Голгрин достал оружие из-за пояса, рабыня быстро сняла с него перевязь с ножнами. Двухлезвийная секира уже стояла на специальной меховой подставке, на крошечном столике лежали три свитка и перо кондора. Крошечный пузырек чернил, украшенный соламнийским зимородком, был закреплен в специальной нише.
Великий Лорд закутался в меха и протянул обрубок руки девушке. Та немедленно начала разматывать шелковую повязку. Она не смогла скрыть гримасы отвращения, когда из-под ткани показалась ужасная рана. Голгрин захохотал при виде ее смущения, и эльфийка взяла себя в руки, не дожидаясь удара, который неизбежно должен был последовать за этим. Когда все покровы упали, Великий Лорд еще раз посмотрел на обрубок — тогда, на поле боя, лезвие очень чисто отсекло конечность, а потом, чтобы избежать потери крови, Голгрин прямо в бою прижег рану факелом. Первые дни он продержался только на цветках грмина, которые притупляли боль. Лишь через неделю людоед оказался готовым терпеть муку и перестал тайно принимать наркотик. Всем последователям показалось чудом, что он сумел выжить с такой страшной раной, — Голгрину пришлось показать искалеченную руку и сразиться с несколькими очень серьезными противниками, доказывая свою состоятельность.
Теперь, спустя несколько месяцев, рана покрылась черной коркой; никаких признаков воспаления заметно не было. Струпья готовы были отвалиться, явив здоровое тело. Эльфийка достала синий флакон и, налив из него немного жасминовой жидкости на ладони, втерла ее в рану длинными изящными пальцами. Голгрин позволил себе тихий стон — боль при этой процедуре все еще была сильна. Он не боялся выглядеть слабым перед девушкой — ей прекрасно была известна судьба распускающих язык рабов. Свежеотрубленная голова одного из них теперь болталась на особом крюке в шатре слева от входа.
— Вина! — прорычал людоед, обдавая эльфийку смрадным дыханием.
Девушка бросилась за кожаным бурдюком, к которому Голгрин жадно приложился. Напившись, он отшвырнул полегчавший мех и указал на писчие принадлежности. Рабыня немедленно убрала вино, метнулась к столику, уселась, поджав ноги, и развернула один из свитков.

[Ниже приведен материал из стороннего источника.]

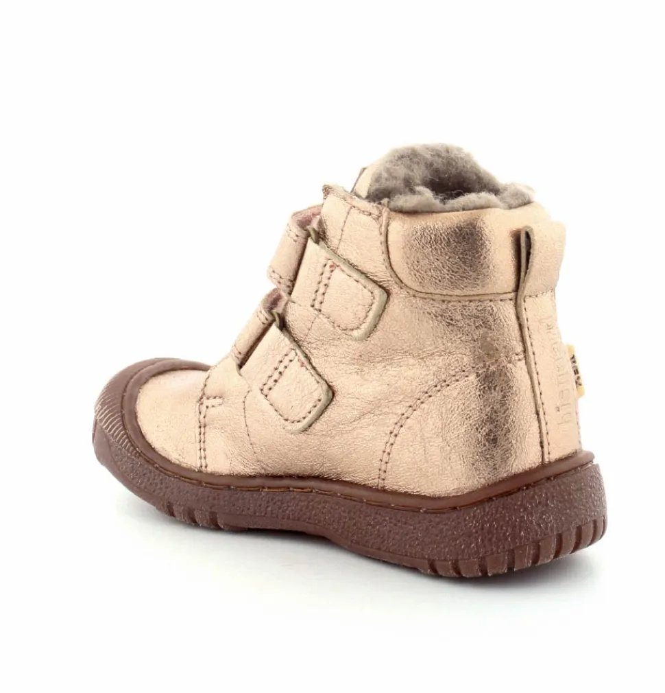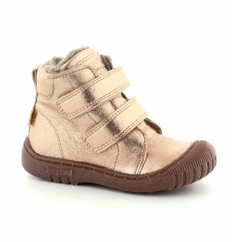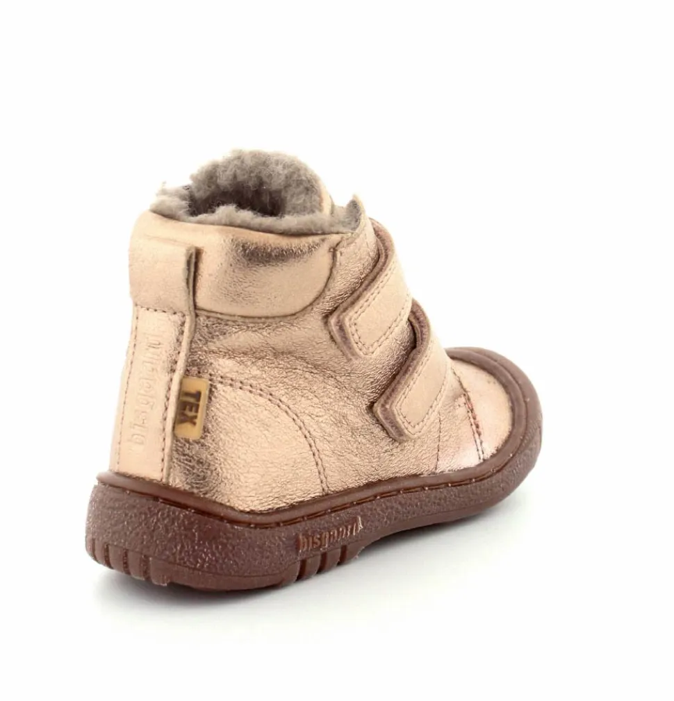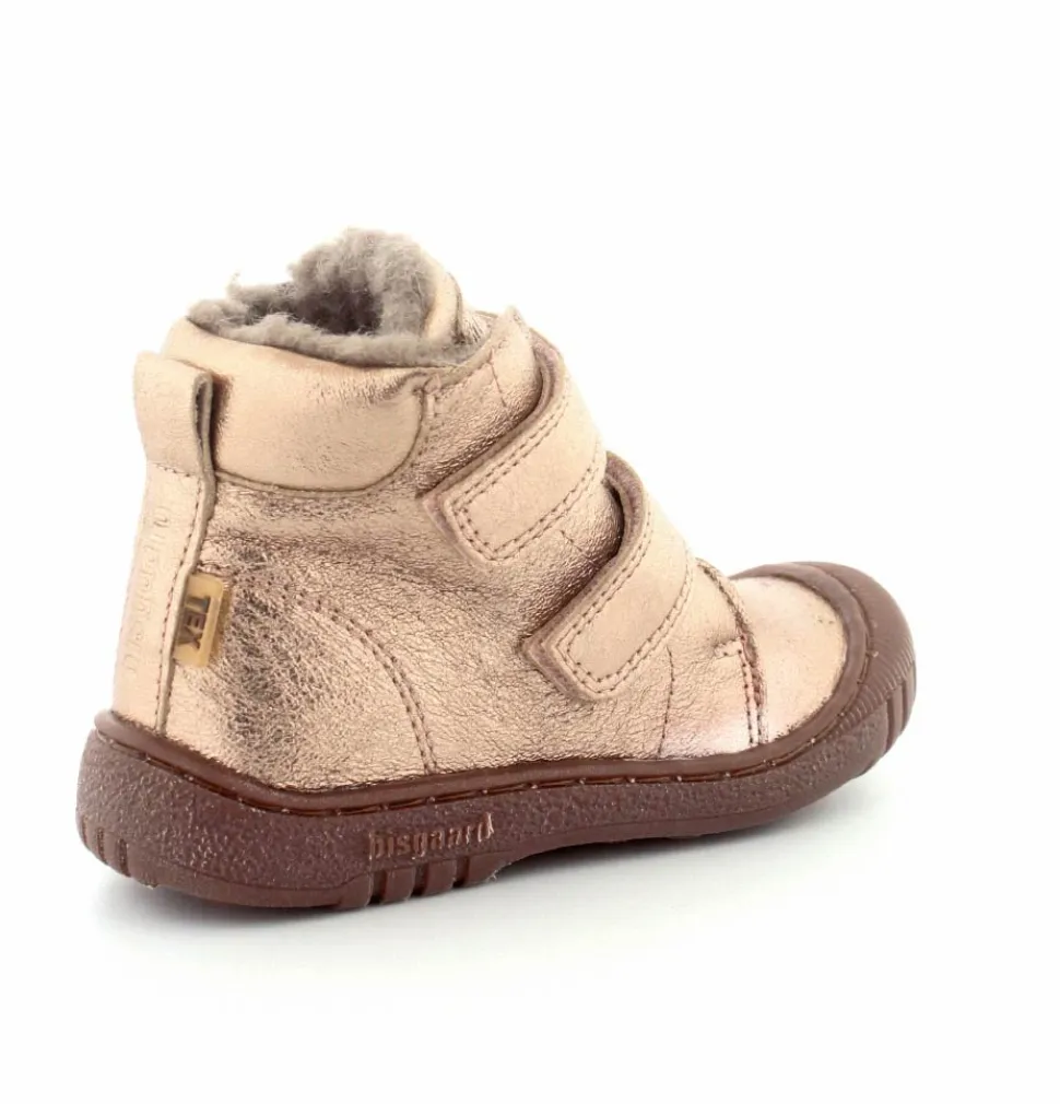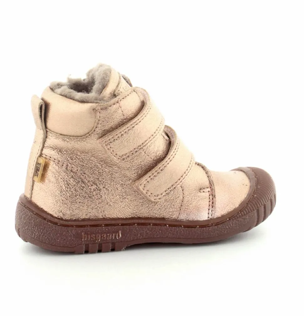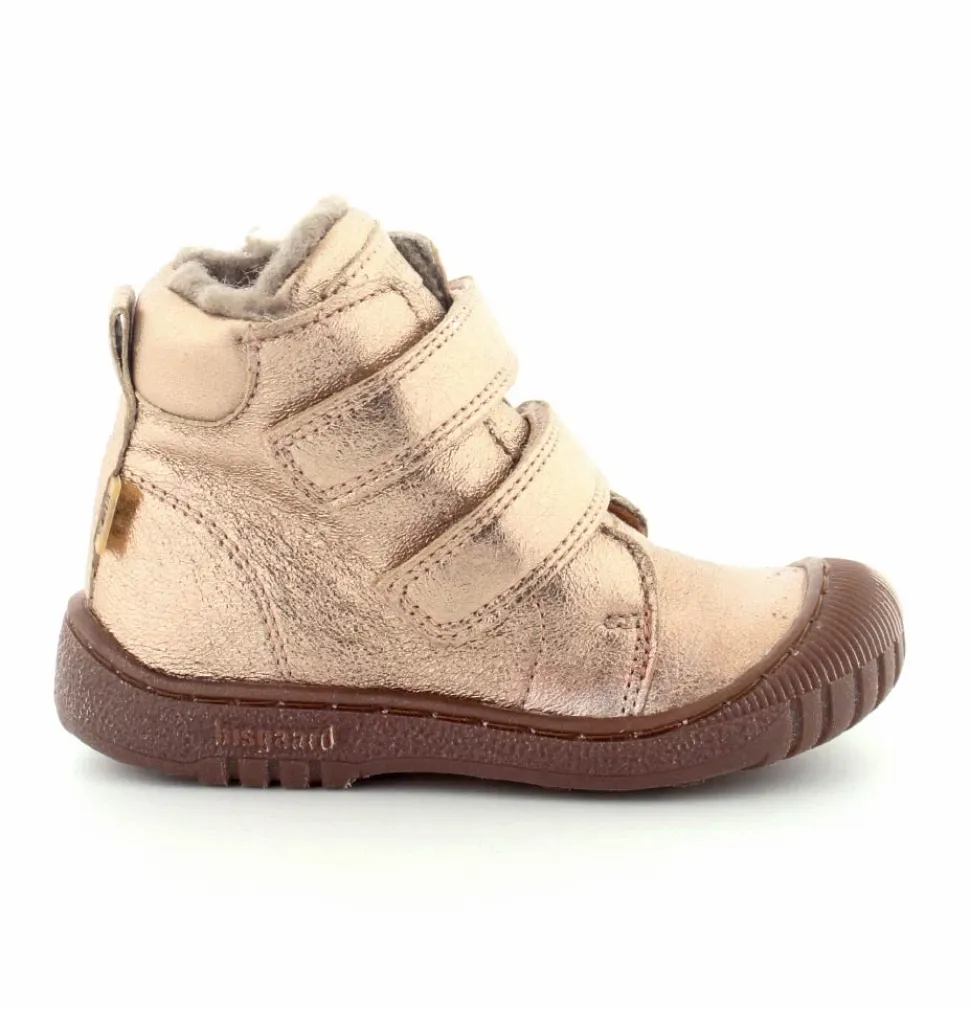 Super flotte og rigtig gode vinterstøvler fra Bisgaard i en flot bronzefarvet skind. Støvlerne er foeret med rigtig uldfoer, har gummisåler under bunden og er med tex membran, så den kan klare sne og kulde. Støvlen er nem at komme i med to regulerbare velcroremme.

Подойдя к ней, Голгрин полюбовался изящной вязью древнего языка высших людоедов, покрывавшей верхнюю половину пергамента. Всеобщий подходил для каждодневного обихода, но для его планов был необходим документ на языке прекрасных предков. Только так можно фиксировать его свершения и прославить Великого Лорда в веках.
Рабыня быстро научилась записывать за ним, освоившись после пары десятков оплеух. Рев мастарков, резкий смех, азартные крики, все многоголосое звучание огромной орды исчезало, едва Голгрин начинал диктовать.
Но прежде чем он приступил, внезапный холод разлился по спине людоеда, заставив вздрогнуть и подскочить на месте. Эльфийка замерла, чернила капнули с пера, портя пергамент.
Голгрин выругался сквозь зубы.
«Великий Лорд Голгрин...»
Голос тек, как поток, неся с собой запах моря и смерти, а следом и знакомая тень отделилась от ближайшей стены.
Только нахмуренные брови выдавали беспокойство Голгрина, когда он посмотрел на тень, в которой ему иногда мерещился мерзкий гниющий минотавр, завернутый в дырявый плащ, похожий на саван. Тень, как ему было известно, звали Такиром. Имя не нравилось людоеду, напоминая другое — Такхизис, хотя Великий Лорд совершенно не понимал, какая между ними может быть связь.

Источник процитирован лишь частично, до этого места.